The most serious complication of appendicitis is if your appendix ruptures (perforates) and the contents of your intestines and infectious organisms invade the abdominal cavity. This can cause an infection of the lining of the cavity (peritonitis). When your appendix ruptures, you may suddenly feel better. But soon afterward, your entire abdomen may become distended with gas and fluid and will likely feel tight, hard and tender to the touch. You'll also have pain throughout your abdomen, but may not have the severe, localized pain of appendicitis. In addition, you may not be able to pass gas or have a bowel movement because of the inflammation. Other signs and symptoms may include a fever, thirst and a low urine output. Peritonitis is a medical emergency. If you or a family member develops signs of this abdominal infection, go to an emergency room immediately. Even with prompt treatment, peritonitis can be extremely serious.
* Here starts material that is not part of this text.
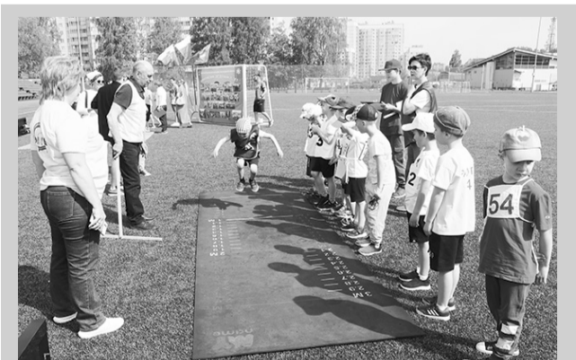
«Олимпийские звёздочки» зажигают ..... → стр. 11

Sometimes, infection and the seepage of intestinal contents may form an abscess, a walled-off area of infection (appendiceal abscess). The abscess may be as small as a
walnut or as large as a grapefruit. Regardless of its size, it requires treatment before the abscess itself perforates, causing peritonitis.
Treatments and drugs
Appendicitis treatment requires surgical removal of your appendix (appendectomy) if you have acute appendicitis. Your surgeon may perform traditional open surgery, using a single abdominal incision, or laparoscopic surgery, which requires only a few small abdominal incisions. In a laparoscopic procedure, your surgeon inserts a laparoscope — a pencil-thin tube with its own lighting system and miniature video camera — into your abdomen through a hollow instrument (cannula). Only a small incision is needed. The video camera then produces a magnified view of the inside of your abdomen on an outside video monitor. This allows your surgeon to see the surgery in detail. To remove your appendix, your surgeon uses tiny instruments inserted through one or two other small abdominal incisions. In general, laparoscopic surgery allows you to recover faster and heal with less scarring. But if your appendix has ruptured and infection has spread beyond the appendix, or if an abscess is present, you'll need a larger incision so that your surgeon can clean the abdominal cavity. You'll receive intravenous antibiotics and will need to stay in the hospital during your recovery. Dealing with complications If your symptoms have been present for five days or more, immediate surgery may present complications. In this case, your doctor may recommend a course of antibiotics first to try to shrink the inflammation and infection that may be surrounding structures near the appendix. If an abscess is present, it may be drained through the skin. If this approach is successful, appendectomy is usually performed a couple of months later.